*DATA SHOWN*.
——

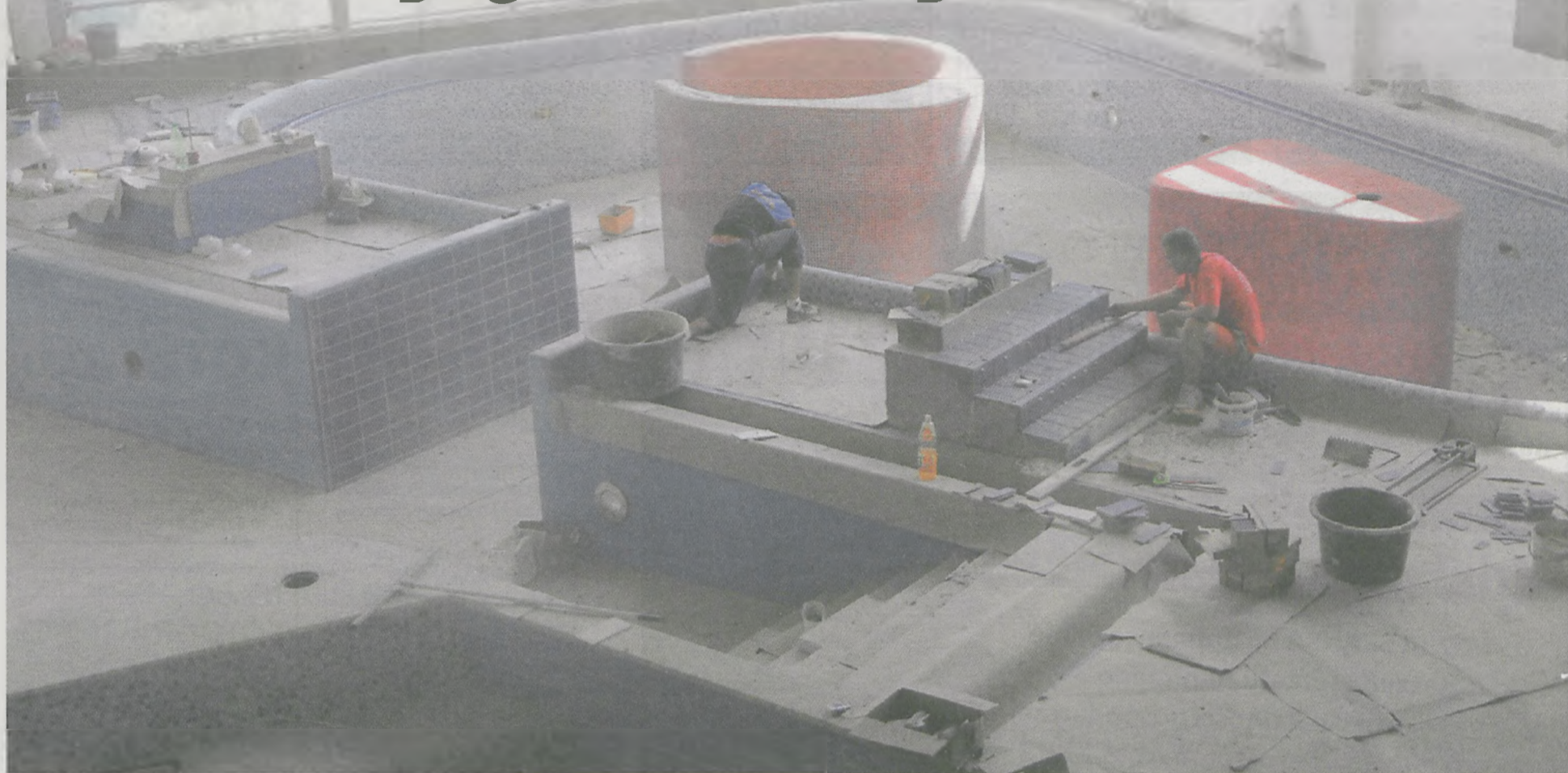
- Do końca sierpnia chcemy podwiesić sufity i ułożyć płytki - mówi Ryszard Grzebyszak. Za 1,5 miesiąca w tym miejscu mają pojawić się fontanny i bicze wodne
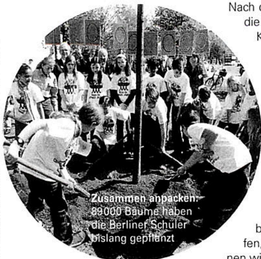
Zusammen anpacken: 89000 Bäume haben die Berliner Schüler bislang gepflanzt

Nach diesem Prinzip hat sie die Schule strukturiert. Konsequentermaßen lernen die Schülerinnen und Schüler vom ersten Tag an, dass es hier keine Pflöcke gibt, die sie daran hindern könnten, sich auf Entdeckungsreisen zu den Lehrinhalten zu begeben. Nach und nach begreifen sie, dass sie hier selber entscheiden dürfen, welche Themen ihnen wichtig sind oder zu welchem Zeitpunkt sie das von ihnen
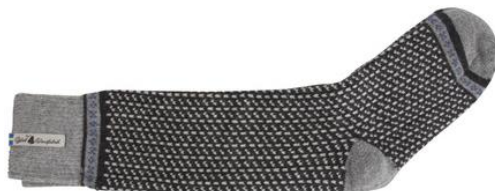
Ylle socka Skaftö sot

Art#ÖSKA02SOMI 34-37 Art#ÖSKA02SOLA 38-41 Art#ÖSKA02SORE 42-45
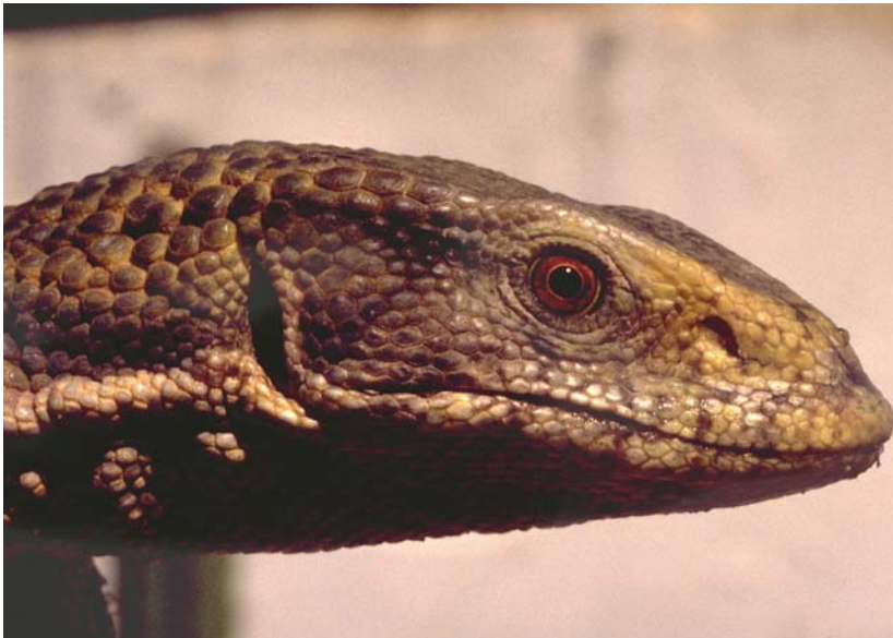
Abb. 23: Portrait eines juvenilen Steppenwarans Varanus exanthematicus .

——

*EXERCISE BRIEF*.
Go through the material and set it down again exactly, but without any pictures.

*ANSWER TO THE PROBLEM*.
- Do końca sierpnia chcemy podwiesić sufity i ułożyć płytki - mówi Ryszard Grzebyszak. Za 1,5 miesiąca w tym miejscu mają pojawić się fontanny i bicze wodne
Zusammen anpacken: 89000 Bäume haben die Berliner Schüler bislang gepflanzt

Nach diesem Prinzip hat sie die Schule strukturiert. Konsequentermaßen lernen die Schülerinnen und Schüler vom ersten Tag an, dass es hier keine Pflöcke gibt, die sie daran hindern könnten, sich auf Entdeckungsreisen zu den Lehrinhalten zu begeben. Nach und nach begreifen sie, dass sie hier selber entscheiden dürfen, welche Themen ihnen wichtig sind oder zu welchem Zeitpunkt sie das von ihnen
Ylle socka Skaftö sot

Art#ÖSKA02SOMI 34-37 Art#ÖSKA02SOLA 38-41 Art#ÖSKA02SORE 42-45
Abb. 23: Portrait eines juvenilen Steppenwarans Varanus exanthematicus .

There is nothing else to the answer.